7 SUSPENSION OF ACCESS.

7.1 Visually retains the right, to immediately prevent or restrict access to the Platform or take any other action as necessary in case of technical problems, infringing or objectionable material, inaccurate listings, inappropriately categorized products or services, or actions otherwise prohibited by applicable law, the guidelines contained on the Platform, or for any other reason in the sole and absolute discretion of Visually, and to correct any inaccurate listing or technical problems on the Platform.

8 TERM AND TERMINATION.

8.1 This Agreement will commence the Effective Date set forth above and will continue in full force and effect for a period of one (1) year (the “Initial Term”). Following the Initial Term, this Agreement will automatically renew for additional one (1) year periods (each, a “Renewal Term”, and together with the Initial Term, the “Term”). Either party may terminate this Agreement in the event that the other party materially breaches this Agreement and does not materially cure such breach within ten (10) days of such notice. Notwithstanding the foregoing, if at the time this Agreement is terminated there are outstanding Creative Services and Deliverables, then this Agreement shall survive until the completion and payment of such Creative Services and Deliverables.

9 CONFIDENTIAL INFORMATION.

9.1 Each party shall keep confidential and not disclose to any other party or use, except as required by this Agreement, non- public information obtained from the other party; provided, however, that neither party shall be prohibited from disclosing or using information, (i) that at the time of disclosure is publicly available or becomes publicly available through no act or omission of the party having a confidentiality obligation under this section, (ii) that is or has been disclosed to such party by a third party who is not under (and to whom such party does not owe) an obligation of confidentiality with respect thereto, (iii) that is or has been independently acquired or developed by such party, (iv) to the minimum extent use or disclosure is required by court order or as otherwise required by law, on condition that notice of such requirement by law for such disclosure is given to the other parties prior to making any such use or disclosure.

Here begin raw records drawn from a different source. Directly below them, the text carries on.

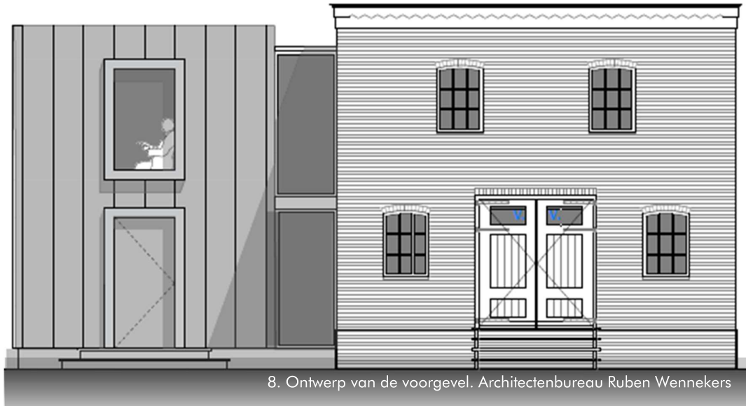
8. Ontwerp van de voorgevel. Architectenbureau Ruben Wennekens

genomen door het tussenlid te verbreden en door deze volledig in glas uit te voeren. Ook worden de kopse gevels van het tussenlid meer naar binnen geplaatst.
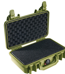
1170WF With Foam
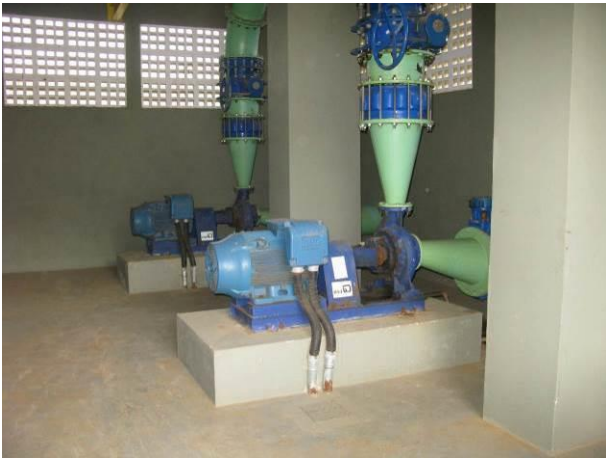
Figura 63 - Booster Perocão.

Não conformidade NC13 – Artigo 14, incisos III da Resolução ARSP nº018/2018, “Deixar de cumprir as normas técnicas, os procedimentos e/ou requisitos estabelecidos em regramento vigente para a implantação de todas as infraestruturas necessárias para a adequada prestação de serviços de abastecimento de água e de esgotamento sanitário”.
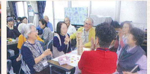
認知症の方が集うサロンの開催
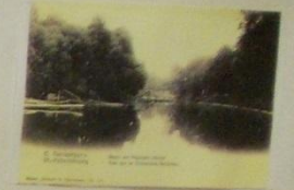
Старинные виды Новой Деревни и Черной реки
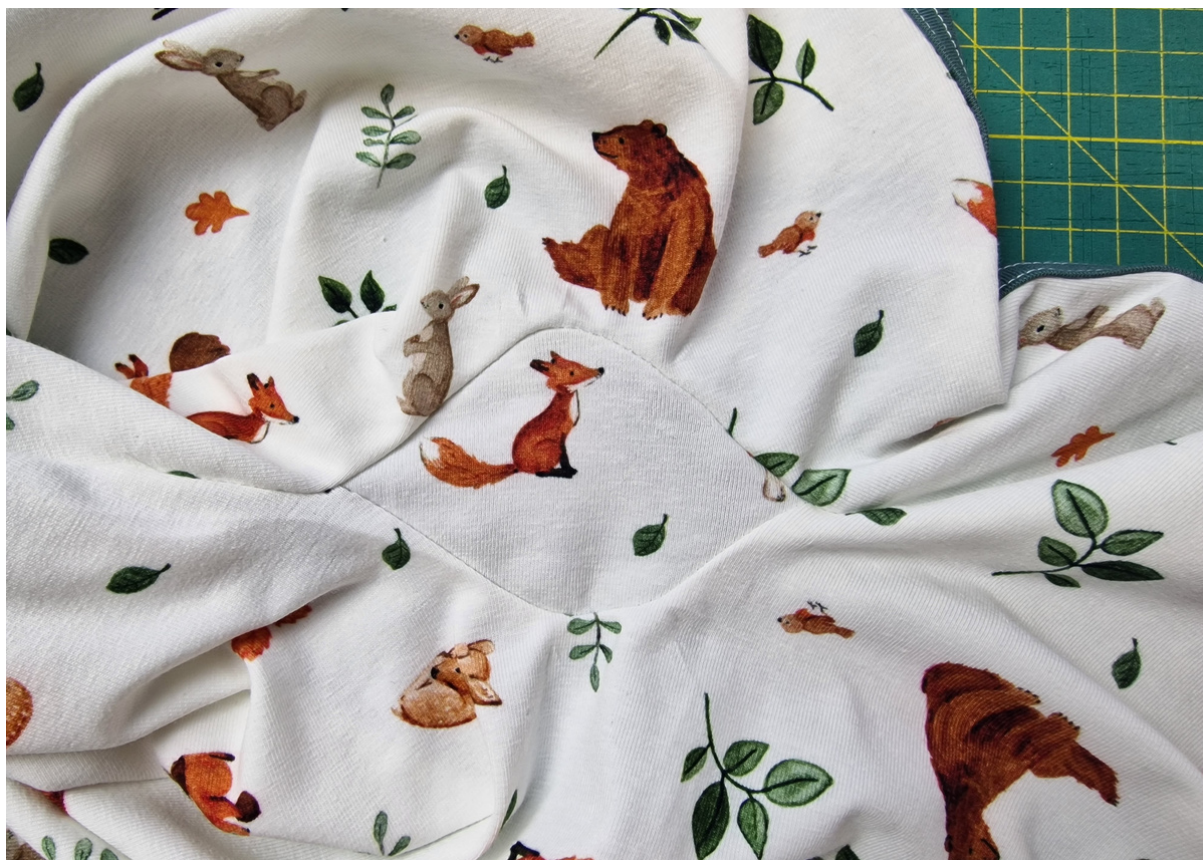
17. Detail sešití v rozkroku.

10 WARRANTIES AND LIABILITIES.

10.1 Visually warrants that the Visually Services and Creative Services will be performed in a professional and workmanlike manner, in accordance with generally accepted applicable professional and industry standards. EXCEPT FOR THE EXPRESS WARRANTIES STATED HEREIN, ALL VISUALLY SERVICES AND CREATIVE SERVICES ARE PROVIDED “AS IS”, WITHOUT WARRANTY OF ANY KIND, AND VISUALLY HEREBY DISCLAIMS ALL WARRANTIES, INCLUDING ALL WARRANTIES OF MERCHANTABILITY, FITNESS FOR A PARTICULAR PURPOSE AND NONINFRINGEMENT, and the stated express warranties are in lieu of all other obligations or performance liabilities arising out of or in connection with the services provided under this Agreement.

10.2 Each party agrees to indemnify, defend, and hold the other harmless from and against any claims, costs, liabilities, and expenses (including reasonable attorneys’ fees) paid or payable to an unaffiliated third party arising from (i) any claim that party has infringed another’s intellectual property right; or (ii) any violation of applicable laws.

10.3 EXCEPT FOR A PARTY’S BREACH OF SECTION 7 (CONFIDENTIALITY) , NEITHER PARTY SHALL BE LIABLE TO THE OTHER PARTY WITH RESPECT TO THE SUBJECT MATTER OF THIS AGREEMENT, WHETHER IN CONTRACT TORT, NEGLIGENCE, OR ANY OTHER LEGAL OR EQUITABLE THEORY, FOR (I) ANY DAMAGES RESULTING FROM LOSS OF DATA OR USE; OR (II) FOR ANY SPECIAL, INDIRECT, INCIDENTAL, PUNITIVE, EXEMPLARY, OR CONSEQUENTIAL DAMAGES; OR (III) FOR ANY AMOUNTS IN EXCESS OF THE AMOUNTS PAID OR PAYABLE TO VISUALLY UNDER THIS AGREEMENT DURING THE TWELVE (12) MONTH PERIOD PRECEDING THE EVENT GIVING RISE TO LIABILITY.

11 GENERAL TERMS.

11.1 Notwithstanding anything to the contrary in this Agreement, Visually shall not be prohibited or enjoined at any time by Client from utilizing any “skills or knowledge of a general nature” acquired during the course of performing the services specified under this Agreement. For purposes of this Agreement, “skills or knowledge of a general nature” shall include, without limitation, anything that might reasonably be learned or acquired in connection with similar work performed for another Client.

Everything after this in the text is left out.